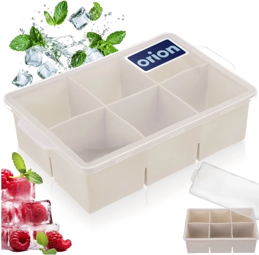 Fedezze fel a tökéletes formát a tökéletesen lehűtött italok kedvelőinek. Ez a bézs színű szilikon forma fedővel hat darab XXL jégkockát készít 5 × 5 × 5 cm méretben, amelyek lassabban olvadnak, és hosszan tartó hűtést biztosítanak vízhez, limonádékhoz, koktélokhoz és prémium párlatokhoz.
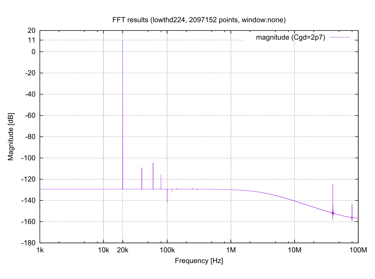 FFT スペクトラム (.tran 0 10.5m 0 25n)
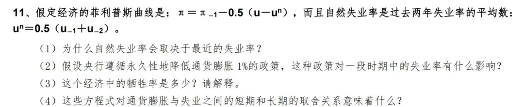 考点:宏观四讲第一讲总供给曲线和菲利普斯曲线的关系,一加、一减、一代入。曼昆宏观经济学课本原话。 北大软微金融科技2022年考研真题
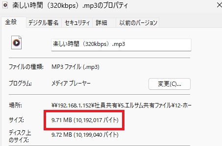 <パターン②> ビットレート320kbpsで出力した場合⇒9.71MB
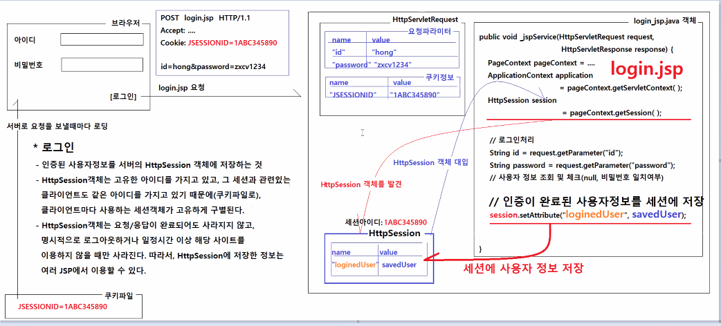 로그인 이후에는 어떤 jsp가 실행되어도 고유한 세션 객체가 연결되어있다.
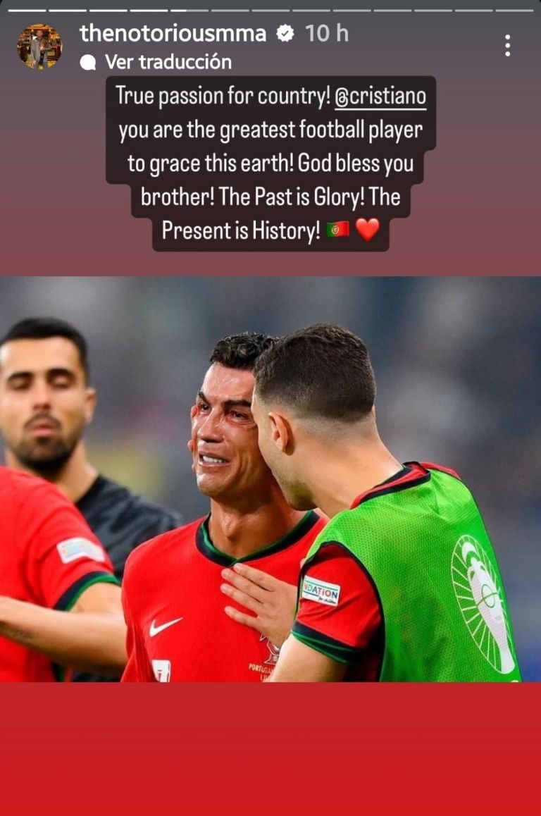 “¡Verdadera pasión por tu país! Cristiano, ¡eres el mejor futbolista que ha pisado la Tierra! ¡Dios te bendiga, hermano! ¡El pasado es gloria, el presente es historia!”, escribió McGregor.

= = =

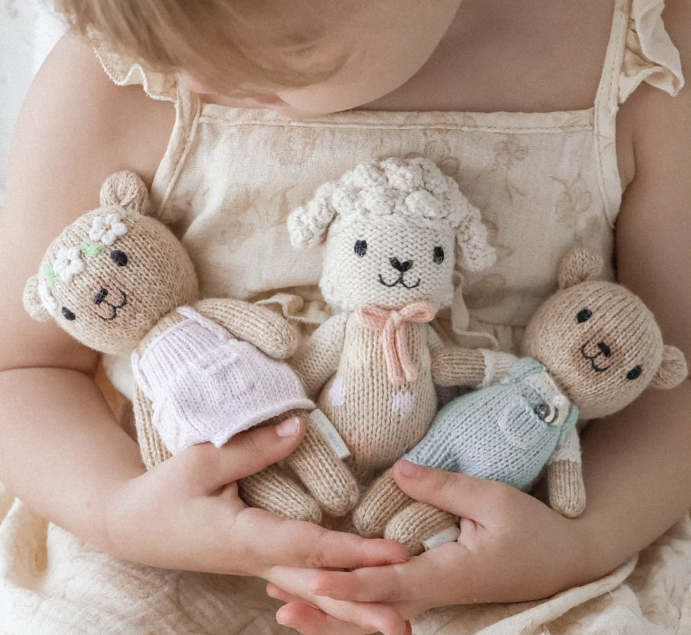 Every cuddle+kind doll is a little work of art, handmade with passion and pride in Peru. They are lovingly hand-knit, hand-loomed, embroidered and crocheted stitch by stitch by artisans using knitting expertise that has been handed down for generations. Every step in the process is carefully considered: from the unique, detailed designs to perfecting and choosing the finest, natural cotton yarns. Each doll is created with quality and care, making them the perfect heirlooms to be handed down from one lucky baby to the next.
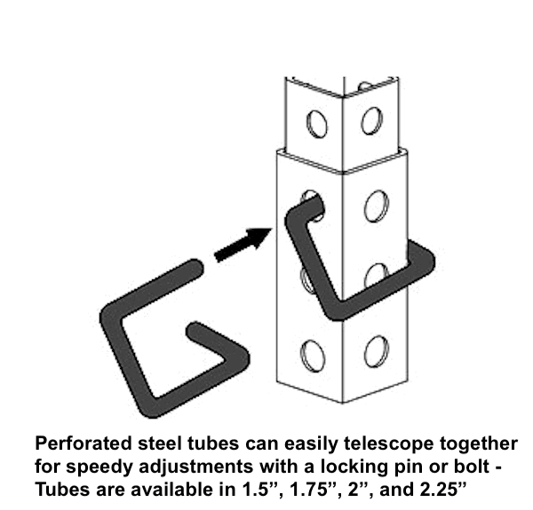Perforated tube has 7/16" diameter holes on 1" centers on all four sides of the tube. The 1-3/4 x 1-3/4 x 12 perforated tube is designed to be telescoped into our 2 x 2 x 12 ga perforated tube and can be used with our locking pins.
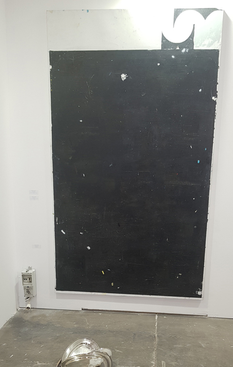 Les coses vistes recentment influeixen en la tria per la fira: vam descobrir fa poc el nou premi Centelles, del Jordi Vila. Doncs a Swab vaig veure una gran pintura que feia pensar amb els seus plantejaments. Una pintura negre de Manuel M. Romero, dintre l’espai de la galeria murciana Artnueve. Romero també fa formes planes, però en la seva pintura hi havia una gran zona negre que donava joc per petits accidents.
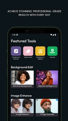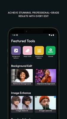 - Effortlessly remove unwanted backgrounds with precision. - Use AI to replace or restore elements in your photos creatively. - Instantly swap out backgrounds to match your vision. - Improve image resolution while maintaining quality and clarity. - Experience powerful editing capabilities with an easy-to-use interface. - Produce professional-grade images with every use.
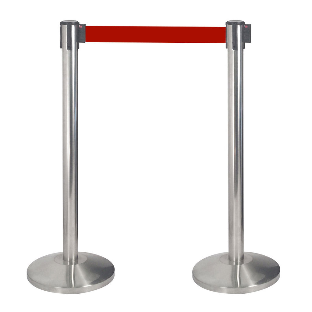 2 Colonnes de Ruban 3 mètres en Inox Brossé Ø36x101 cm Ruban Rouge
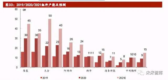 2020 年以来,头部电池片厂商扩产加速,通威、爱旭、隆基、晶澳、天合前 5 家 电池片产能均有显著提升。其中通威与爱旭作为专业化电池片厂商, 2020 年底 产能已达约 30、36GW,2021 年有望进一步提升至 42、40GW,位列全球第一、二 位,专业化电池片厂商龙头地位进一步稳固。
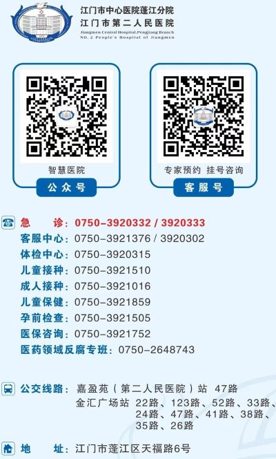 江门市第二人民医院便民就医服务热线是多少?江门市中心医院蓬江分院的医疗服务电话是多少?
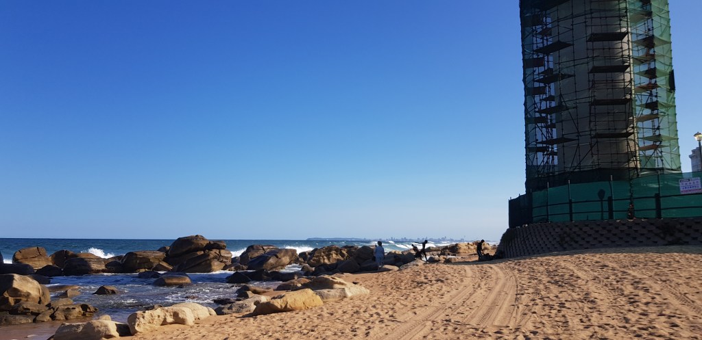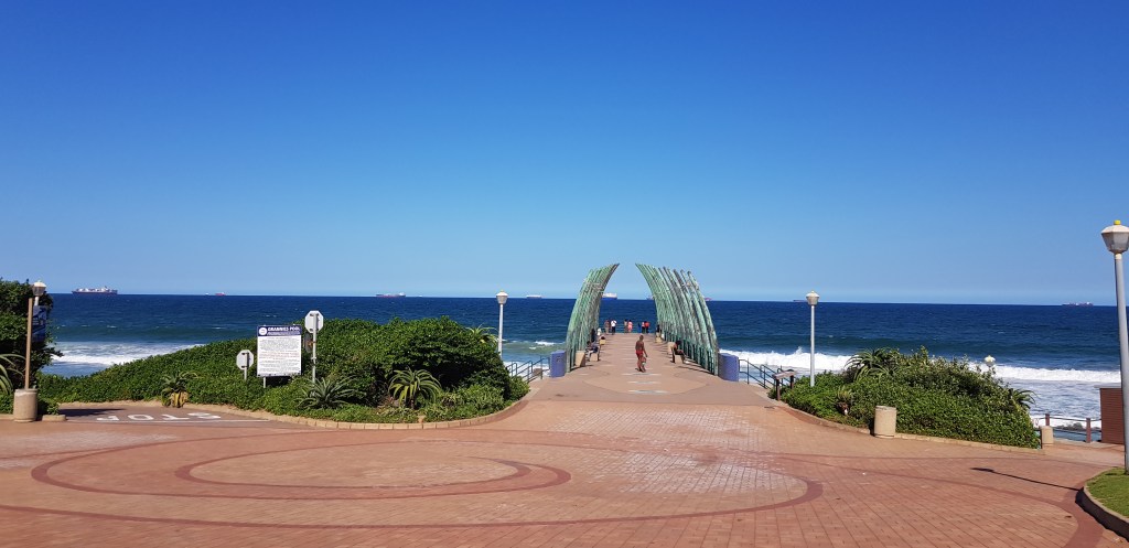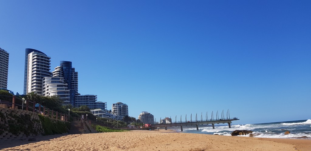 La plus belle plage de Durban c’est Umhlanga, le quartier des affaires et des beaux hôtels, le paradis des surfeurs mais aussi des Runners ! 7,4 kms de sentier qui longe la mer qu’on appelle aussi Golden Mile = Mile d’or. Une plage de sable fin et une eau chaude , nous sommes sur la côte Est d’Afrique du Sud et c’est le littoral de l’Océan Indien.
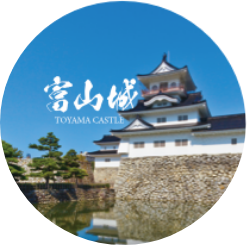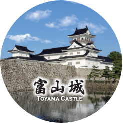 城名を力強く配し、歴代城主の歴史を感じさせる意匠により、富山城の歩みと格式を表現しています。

= = =

WHAT IS EXPECTED:
Reproduce exactly the lines above that run from the one with "Fedezze fel a" to the one with "pasión por tu", both included, leaving pictures out.

SOLUTION FOR THIS TASK:
 Fedezze fel a tökéletes formát a tökéletesen lehűtött italok kedvelőinek. Ez a bézs színű szilikon forma fedővel hat darab XXL jégkockát készít 5 × 5 × 5 cm méretben, amelyek lassabban olvadnak, és hosszan tartó hűtést biztosítanak vízhez, limonádékhoz, koktélokhoz és prémium párlatokhoz.
 FFT スペクトラム (.tran 0 10.5m 0 25n)
 考点:宏观四讲第一讲总供给曲线和菲利普斯曲线的关系,一加、一减、一代入。曼昆宏观经济学课本原话。 北大软微金融科技2022年考研真题
 <パターン②> ビットレート320kbpsで出力した場合⇒9.71MB
 로그인 이후에는 어떤 jsp가 실행되어도 고유한 세션 객체가 연결되어있다.
 “¡Verdadera pasión por tu país! Cristiano, ¡eres el mejor futbolista que ha pisado la Tierra! ¡Dios te bendiga, hermano! ¡El pasado es gloria, el presente es historia!”, escribió McGregor.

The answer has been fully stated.